↓
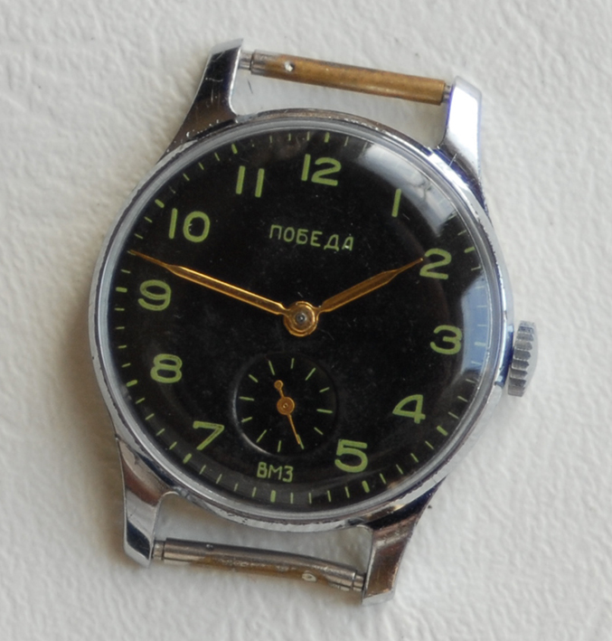 Победа от ЭЧЛ 3-55. До сих пор не могу понять, какие заводные головки ставились на анодированные корпуса.
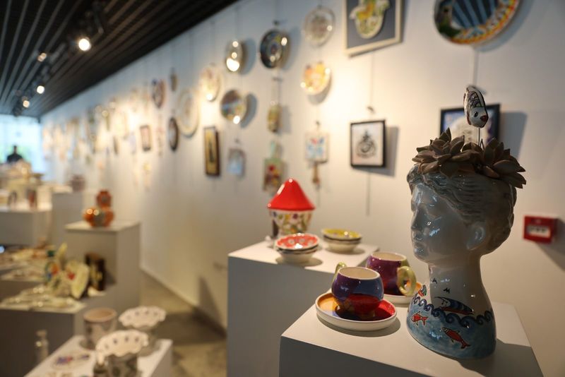 Konuşmasında sanat emekçilerine, katılımcılara ve özellikle sergiye katkı sunan eğitimcilere teşekkür eden Kınay, daha sonra çocuk resim kursu eğitmeni Oylum Gökçen Öterbülbül ve çini kursu eğitmeni Nesrin Dikmen’e doğa dostu fidan sertifikası verdi.
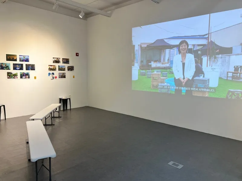 전시장 한 편에는 프로젝트 현장 스케치와 참여 예술가 인터뷰 영상 존이 조성되어 있는데요.
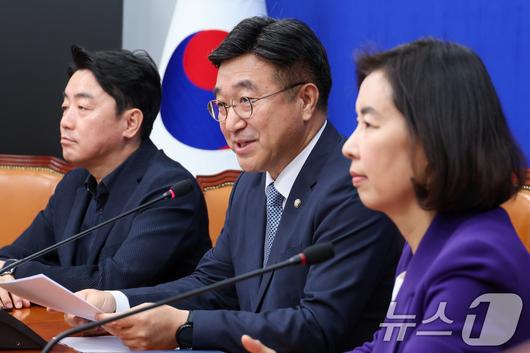 (서울=뉴스1) 안은나 기자 = 윤호중 더불어민주당 총괄선거대책본부장이 5일 오전 서울 여의도 국회에서 열린 기자간담회에 참석해 모두 발언하고 있다. 왼쪽부터 강훈식 수석부본부장, 윤 본부장, 박경미 대변인. 2025.5.5/뉴스1coinlocker@news1.krCopyright ⓒ 뉴스1. All rights reserved. 무단 전재 및 재배포, AI학습 이용 금지.
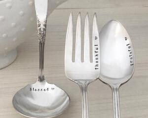 Each piece created by Prose & Polish is true vintage silverplate  - carefully curated through estate sales, antique shops, and auctions.  They are not new pieces, but rather old ones -- exhibiting the beauty of a life well lived.   Once home, they are carefully cleaned and polished by hand.   The sentiment is stamped letter by letter into the silver with a hammer and anvil.  Each piece is then polished again, tagged, ribboned, and repurposed for you. Any piece in the shop can be customized.  If there is something that you would like to change about a design in the shop - or if you have a design in mind that you would like to share with me,  please feel free to send me a message.   I would be very happy to work with you to create your own silver heirlooms.
↑
## AIM OF THE EXERCISE
Exact repeat, pictures omitted: give every line from the top of the records down to and including the line with "(서울=뉴스1) 안은나 기자".

## EXERCISE ANSWER
 Победа от ЭЧЛ 3-55. До сих пор не могу понять, какие заводные головки ставились на анодированные корпуса.
 Konuşmasında sanat emekçilerine, katılımcılara ve özellikle sergiye katkı sunan eğitimcilere teşekkür eden Kınay, daha sonra çocuk resim kursu eğitmeni Oylum Gökçen Öterbülbül ve çini kursu eğitmeni Nesrin Dikmen’e doğa dostu fidan sertifikası verdi.
 전시장 한 편에는 프로젝트 현장 스케치와 참여 예술가 인터뷰 영상 존이 조성되어 있는데요.
 (서울=뉴스1) 안은나 기자 = 윤호중 더불어민주당 총괄선거대책본부장이 5일 오전 서울 여의도 국회에서 열린 기자간담회에 참석해 모두 발언하고 있다. 왼쪽부터 강훈식 수석부본부장, 윤 본부장, 박경미 대변인. 2025.5.5/뉴스1coinlocker@news1.krCopyright ⓒ 뉴스1. All rights reserved. 무단 전재 및 재배포, AI학습 이용 금지.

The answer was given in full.